American human rights lawyer (1940–2021)

Elisabeth S. Brodyaga (September 21, 1940 – October 28, 2021) was an American human rights lawyer. She ran Proyecto Libertad, a pro bono legal initiative for Central American asylum seekers. In 1986, she founded a refugee camp, Refugio del Rio Grande, in the Rio Grande Valley which she ran until her death.

Since 1981, she was certified by the Texas Board of Legal Specialization. At about that time, she became deeply involved with the work on behalf of the Central Americans. Refugio Del Rio Grande, Inc., is a non-profit, 501(c)(3) "refugee camp" on a 45 acre wilderness near San Benito, Texas, where she served as a volunteer attorney.

Most of her later work was on behalf of lawful permanent residents, caught up in the web of the 1996 amendments. Between 1996 and 2001, she litigated the issue of the retroactivity of the repeal of Section 212(c) relief, and represented approximately 50 or 60 LPRs under administratively final orders of deportation.  She won thirty-plus habeas cases, with more held in abeyance while INS appealed her victory, and managed to hold INS at bay until St. Cyr was decided, at which point INS withdrew its appeals.

She has been devoted to challenging the Fifth Circuit’s conclusion that state drug convictions treated as felonies by the state are aggravated felonies. This issue was also won at the Supreme Court, in Lopez v.

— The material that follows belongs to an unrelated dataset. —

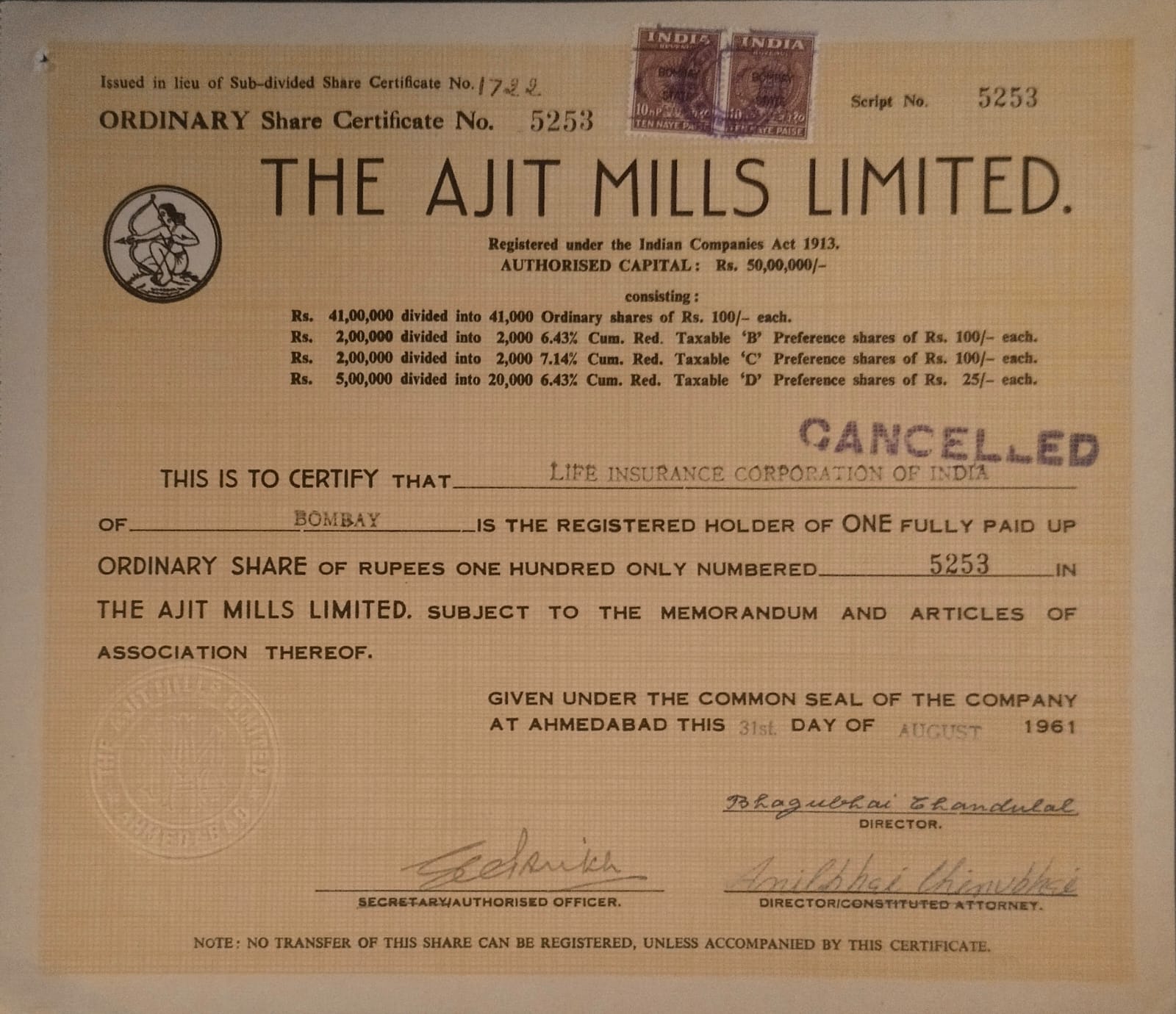 - INCORPORATED UNDER: THE INDIAN COMPANIES ACT 1913

Gonzales, 127 S.Ct. 625 (2006), holding that drug offenses which would be misdemeanors under federal law are not aggravated felonies, regardless of how they are characterized by the state.

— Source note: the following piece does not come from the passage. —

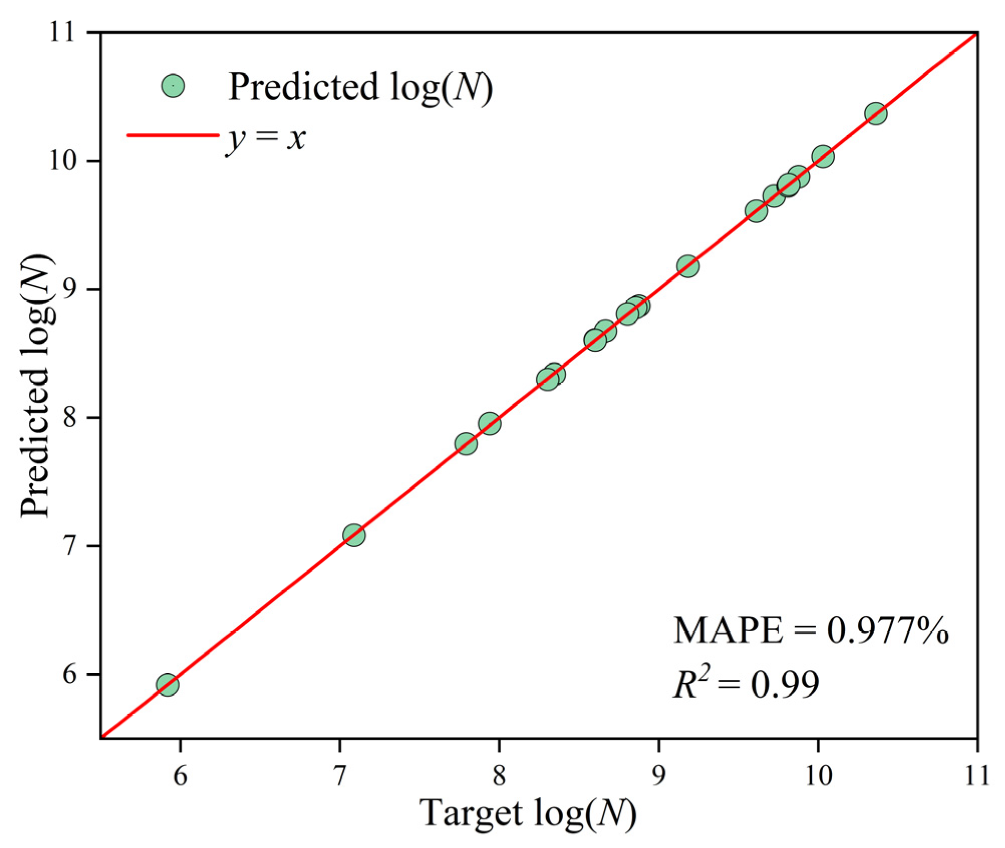 - A feedforward back-propagation neural network with three hidden layers (128–128–64) was constructed in Python using the ReLU activation function and Adam optimization algorithm. The model was trained by minimizing the Mean Squared Error (MSE) and evaluated through Mean Absolute Error (MAE) and Mean Absolute Percentage Error (MAPE). The optimized ANN achieved R2 = 0.99 and MAPE = 0.977%, demonstrating high prediction accuracy and good generalization for fatigue life estimation of the bridge deck.

Prior cases she has been involved in include Guevara-Flores, an antecedent to Cardoza-Fonseca, and Diaz-Resendez, giving a broad interpretation to the scope of review of discretionary decisions, (preIIRIRA), but still useful in some instances. She has received various national awards, from the National Lawyers Guild, American Immigration Lawyers Association, and Lexis-Nexis. Early in her career, she taught at various law schools.

Ms. Brodyaga graduated in 1974 from Catholic University School of Law, in Washington, D.C. To keep her sanity, she raised animals, including horses, dogs, and a few head of cattle. To atone for all the paper she wasted on briefs and the like, she planted trees.